When aging teachers become exhausted, they'll sometimes grab a huge breath and say things like, "Well, at least it keeps you young," it meaning working with kids. Even though this old teacher has "worked with kids" for just about forty years, I'm not always so sure the old line holds water. I feel ancient, withered, shell-shocked--just plain wiped out.For several days I hung around a high school choir from Rehoboth, New Mexico. On Tuesday, they did three assemblies in elementary schools on the Rosebud Reservation--three school assembles BEFORE noon. Just watching them mix it up and hold those kids' attention through all sorts of shenanigans made me feel like a dishrag. And then this--the moment they were through--even before they had lunch!--someone picked up a basketball in the gym at St. Francis, and a ton of them started playing ball.

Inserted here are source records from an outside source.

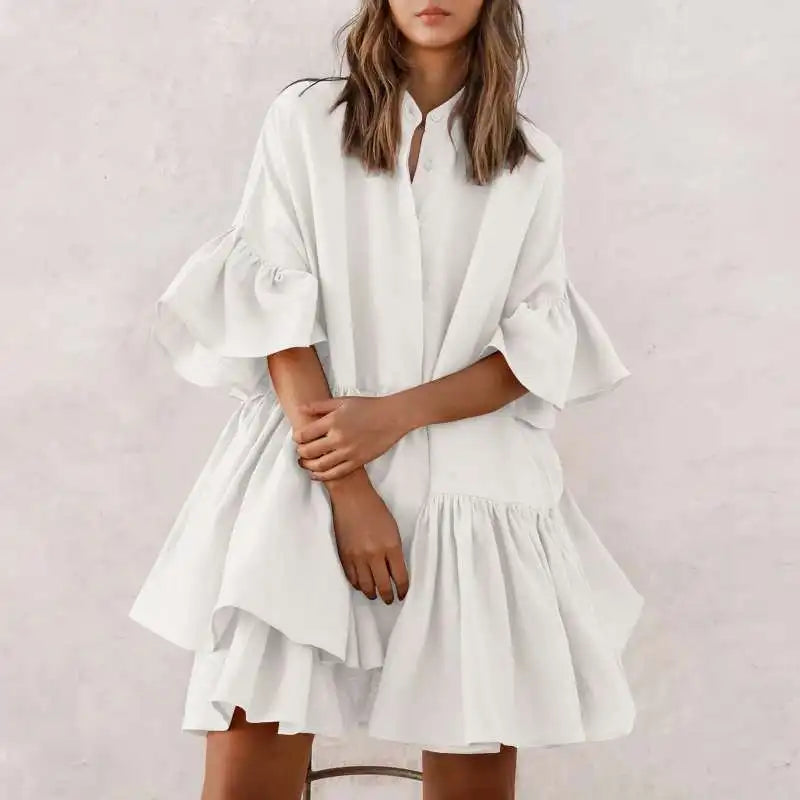 Celmia Bohemian Summer Sundress 2021 Women Ruffled Party Mini Dress Sexy Half Sleeve Buttons Casual Solid Beach Vestidos Robe
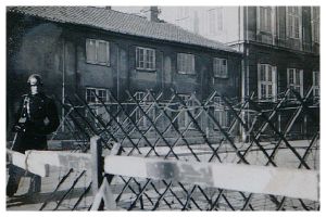 Enkeltfoto fra album med blandede fotos fra tiden juni 1944 til april 1945. Bl.a. fra Folkestrejken, angrebet på Shellhuset, nedstyrtet Spitfire på Øster Allé fra den 21.03 1945, diverse schalburgtager, udbringning af post i hestevogn m.m.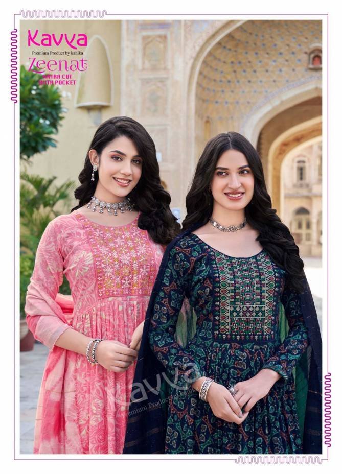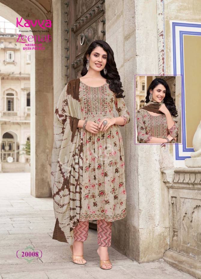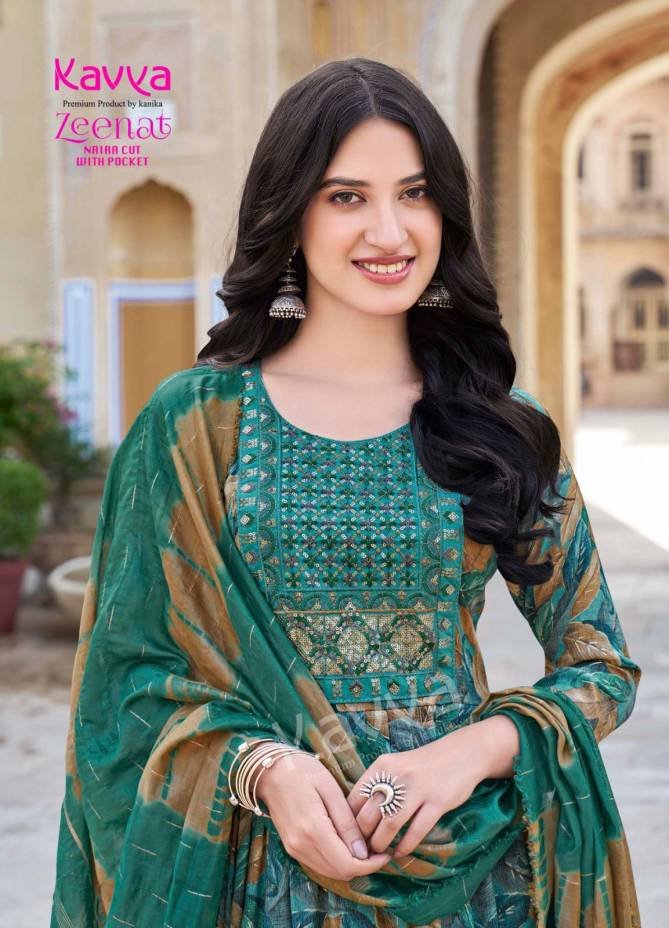 Kavya Zeenat Vol 20 Foil Printed Naira Cut Designer Kurti With Bottom Dupatta Wholesale Catalog

After four days with them, I swear I'm no younger. It's taken me about 48 hours to feel as if the ship of my state has been somehow righted.
I don't know that I've been as thrilled to the core of my soul in a long time, however, as I've been by these kids. Some people say that in our post-doctrinal age, a time when people are eminently spiritual but sometimes not particularly religious, a time when people search for meaning but may not look too diligently in churches, the future of evangelism may well lie, simply, in bringing the world beauty. What may attract people to belief in God almighty is not reason or truth but, in an often gray world, the brilliance of a rainbow.
I've got no crystal ball, but it seems to me that these indefatigable kids brought fun and joy and exuberant life into the schools they visited--no matter what color the kids. But that's not all. They also brought sheer, voluminous beauty, in great abundance.
This morning, still in recovery and back home, I'm deeply thankful for being able to hang around for awhile. I can't speak for the hundreds of kids they've touched, but, even though I'm no younger, I certainly have been deeply blessed.